本を読むのはいい。読むのはいいが、その本を、わざわざ保存していく必要はない。最近、私はそう思うようになった。一冊の本を読んで、いやでも頭の中に残る一行があれば、それで充分なのだ。忘れてしまうような内容は、もともと縁がなかったのだとあきらめる。
一冊の本の中の一行が頭に残るのは、なにげなく読んだ言葉が、錐をもむようにこちらの魂に突き刺さってくるときである。そういう言葉は、忘れようとしても忘れられるものではない。赤線を引いたり、メモをとったり、いろんなことをしても忘れるものは忘れる。そういうものだ。それは、ひょっとして本当は必要がないものだったのかもしれない。
本当に大事なことは、どんなに忘れようと頑張っても頭にこびりつく(注1)。おんぶお化け(注2)のようにこちらにしがみついて離れないものなのだ。そういうものにこそ価値がある、というふうに私は思う。
もっとも、山のような蔵書に埋もれて暮らすのも、三冊の本だけを枕もとに置いて生きるのも、それはその人の勝手である。どちらがいいというわけではない。だが一度、この本を残すか、捨てるか、と、迷ってみることは決して悪いことではなさそうだ。
いまも私は、相変わらず捨てることのできない本の山の中に、肩身を狭くして暮らしている。

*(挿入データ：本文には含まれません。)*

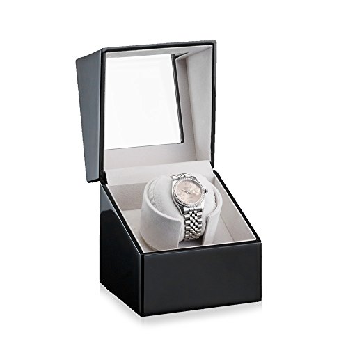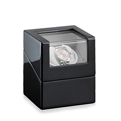 -. Feature : Uhrenbeweger für eine Uhr / Uhrenbeweger mit Sichtscheibe / Uhrenbeweger in Hochglanz Schwarz / Hochwertiger Uhrenbeweger / Uhrenbeweger aus Holz

(五木寛之「知の休日―退屈な時間をどう遊ぶか」による)
(注1)こびりつく:強く意識に残る
(注2)おんぶお化け:ここでは、妖怪の意味
1、「そう思うようになった」とあるが、筆者はなぜこのように考えているか。
①本は読むことが大事で、ただ本棚に並べておくことには意味がないから
②本を本棚に並べておくだけでは、本の内容が頭の中に残らないから
③読んだ本の内容を覚えているかどうかは本の保存と関係ないから
④読みたい本は保存しておかなくてもその価値が変わらないから
2、「そういうもの」とは何を指しているか。
①どんなに頑張って忘れようとしても忘れられないもの
②おんぶおばけのようにずっと自分のそばにいるもの
③いろんなことをして忘れないようにして覚えたもの
④深く印象に残っていていつまでも忘れないもの
3、筆者は本に対してどう思っているか。
①本を残すか、捨てるかは個人の自由であるが、一読する価値のある本を大事にしたほうがいい。
②本を読んで胸を打たれるような言葉が少しでもあればそれで十分価値があり、わざわざ本を保存しなくてもいい。
③蔵書に埋もれて読む自由と二、三冊しか読まない自由があり、自分にとって本当に必要な本を大事にすべきだ。
④たくさんの蔵書から自分の人生に役に立つ言葉を拾い、それを忘れないようにして生きていくべきだ。